Do ponto de vista da manutenção da produção,
como ministro do armamento, eu não tinha escolha.
Com Speer pessoalmente implicado, suas perspectivas pareciam sombrias.
Ainda mais, tendo os soviéticos deixado bem claras suas expectativas.
E agora, senhoras e senhores,
é uma honra e um privilégio apresentar o senhor Andrei Vishinski,
do Ministério das Relações Exteriores soviético,
que, tenho certeza, nos dirá algumas palavras. Senhor Vishinski.
Avodca é inimiga do povo. Por isso, deve ser consumida.
Temos a felicidade
de ser advogados com um propósito comum.
E, talvez por sermos advogados, e não diplomatas,
é que consigamos nos dar tão bem uns com os outros.
Quero, agora, propor um brinde.
Aos réus.
Que seus caminhos os levem direto do tribunal à sepultura.
Bravo!
Para réus perspicazes como Speer,
ficou claro que havia pouca esperança com os russos.
Ele reconheceu claramente que sua única chance
de evitar a condenação ou a execução
seria estabelecer alguma forma de relacionamento
com as potências ocidentais, Grã-Bretanha e EUA.
Palácio da Justiça de Nuremberg, na Alemanha.
Aquela que já foi a cidade sagrada do nazismo, tornou-se...
Após seis meses de preparação,
o Tribunal de Crimes de Guerra começou os trabalhos.
Os 20 integrantes mais importantes do bando de Hitler que sobreviveram
vão a julgamento.
A atenção do mundo está concentrada nesta cidade e neste acontecimento.
Com esse julgamento,
os Aliados esperavam derrotar de uma vez o nazismo.
Foi um teatro minuciosamente coreografado,
e nada foi deixado por conta do acaso.
Veja onde eles o puseram.
Você está sentado junto com os únicos considerados casos duvidosos.
Não pense que alguma coisa aqui é mero acaso, tudo foi pensado.
Mantenha-se firme naquela sua linha masoquista,
assim, quem sabe, iremos bem.
Todos de pé!
Estas imagens revelam a arrogância com que os comandantes alemães
recebem acusações de crimes contra povos civilizados.
O promotor Robert Jackson, dos EUA,
abre o julgamento com fortes acusações aos réus.
O privilégio de abrir o primeiro julgamento da história
por crimes contra a paz mundial
traz consigo uma séria responsabilidade.
Os crimes que buscamos condenar e punir
foram de tal forma calculados, tão perversos e tão devastadores,
que a sociedade não pode tolerar que sejam ignorados,
pois ela não sobreviveria a sua repetição.

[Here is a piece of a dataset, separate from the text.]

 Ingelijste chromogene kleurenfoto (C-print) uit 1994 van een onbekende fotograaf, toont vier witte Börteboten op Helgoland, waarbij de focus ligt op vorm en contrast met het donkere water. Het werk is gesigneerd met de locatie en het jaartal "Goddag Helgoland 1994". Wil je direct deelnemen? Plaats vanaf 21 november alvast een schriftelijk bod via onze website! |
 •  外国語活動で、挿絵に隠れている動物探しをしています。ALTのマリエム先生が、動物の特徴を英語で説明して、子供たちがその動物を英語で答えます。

Pretendemos provar que cada um desses réus
sabia da existência dos campos de concentração.
E que o medo, o terror
e o horror inominável desses campos eram instrumentos
pelos quais os réus mantinham seu poder
e suprimiam a oposição a suas condutas.
É muito fácil racionalizar durante a guerra.
Patriotismo, e tudo o mais.
Minha maior culpa é ter ignorado tudo isso.

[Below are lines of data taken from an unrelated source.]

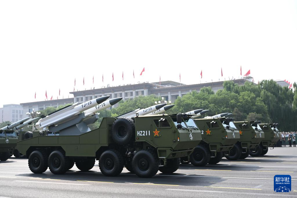 9月3日,紀念中國人民抗日戰(zhàn)爭暨世界反法西斯戰(zhàn)爭勝利80周年大會在北京隆重舉行。這是反艦導(dǎo)彈方隊接受檢閱。
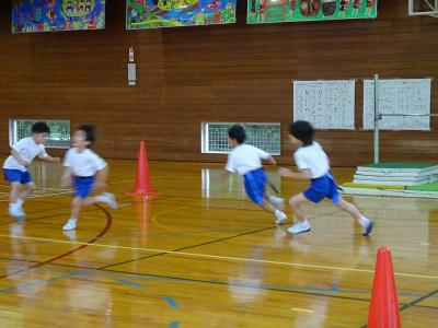 【1・2年体育】しっぽ取りをして、元気いっぱいに走りました。
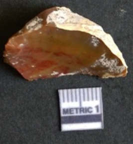 | Description / विवरण | The chert flake shows prominent bulb of percussion on the proximal end. The flake also shows the process of core reduction or retouch owing to the secondary flaking. The flake rigdes are also visible. |
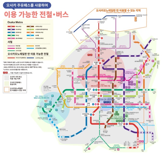 ※ 오사카 지하철 전 노선(코스모 스퀘어역~유메시마역 구간 이용 불가, 2025년까지 운행일정 연기)
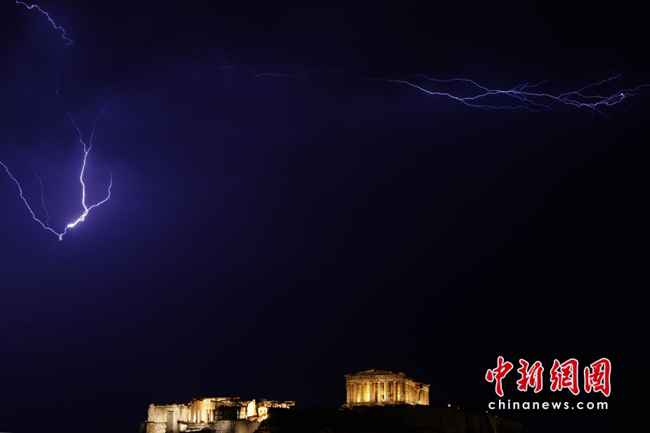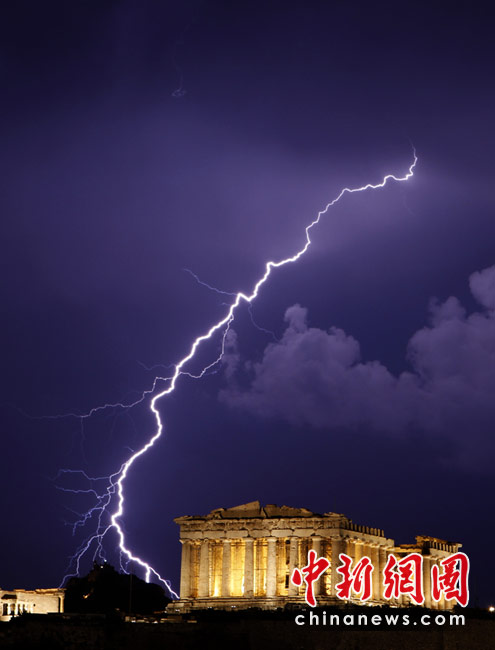 28日,在希臘雅典衛(wèi)城的上空,一道巨型閃電向具有2500年歷史的帕特農(nóng)神廟劈來,幸好沒有造成任何損失。
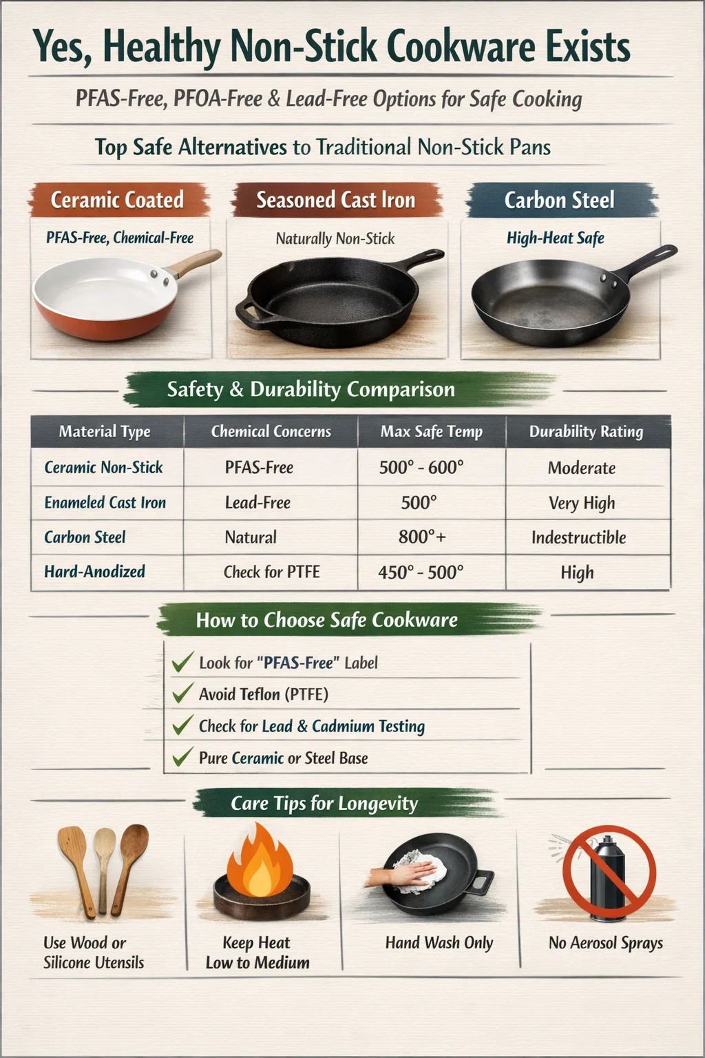 Tá sláintiúil go hiomlán non-stick cookware ar fáil ar an margadh inniu. Cé go raibh pannaí traidisiúnta neamh-bata ag brath ar cheimiceáin mar PFOA agus PTFE (Teflon), úsáideann roghanna sláintiúla nua-aimseartha bratuithe ceirmeacha mianraí-bhunaithe nó próisis nádúrtha seasoning a fhaightear in iarann teilgthe agus cruach carbóin. Chun a chinntiú go bhfuil do chuid earraí cócaireachta sláintiúil, ní mór duit lipéid a lorg a shonraíonn go sainráite go bhfuil an táirge PFAS-free, PFOA-free, and Lead/Cadmium-free . Soláthraíonn na roghanna seo áisiúlacht scaoileadh bia gan riosca astuithe múiche tocsaineach ag teochtaí arda.
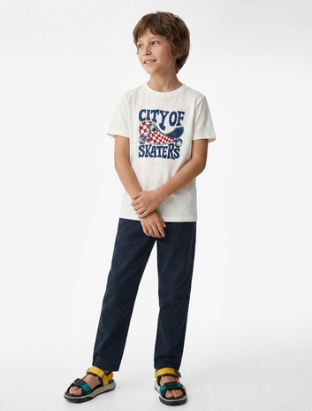 Erkek Çocuk Pamuklu Bisiklet Yaka Kısa Kollu Kaykay Temalı Baskılı Tişört

Eu disse a Hitler, em janeiro de 1945, que tudo acabara.
Mas ele insistiu
que a Alemanha devia vencer, ou ser destruída.
AAlemanha não merecia sobreviver.
Mesmo assim, o senhor continuou cooperando.
Não. Não.
Foi aí que percebi que ele era um maníaco,
determinado a destruir a nação alemã.
Göring e os demais faziam discursos heroicos
sobre lutar e morrer pela pátria, sem jamais arriscarem o pescoço.
Acho que isso facilitou para eles.
Não precisam responder a perguntas sobre moralidade.
Esse era o tipo de herói que tínhamos, conduzindo o país à destruição.
Göring... Hitler...
Nenhum deles deve ficar na história como digno do mínimo respeito.
Que todo o sistema nazista
e todos os que dele participaram, inclusive eu mesmo,
entrem para a história com a ignomínia e a desgraça que merecem.
Em 11 de dezembro de 1945,
a promotoria abriu o processo contra Speer e Sauckel.
A política nazista de mão-de-obra estrangeira
era uma política de deportação e escravização em ***.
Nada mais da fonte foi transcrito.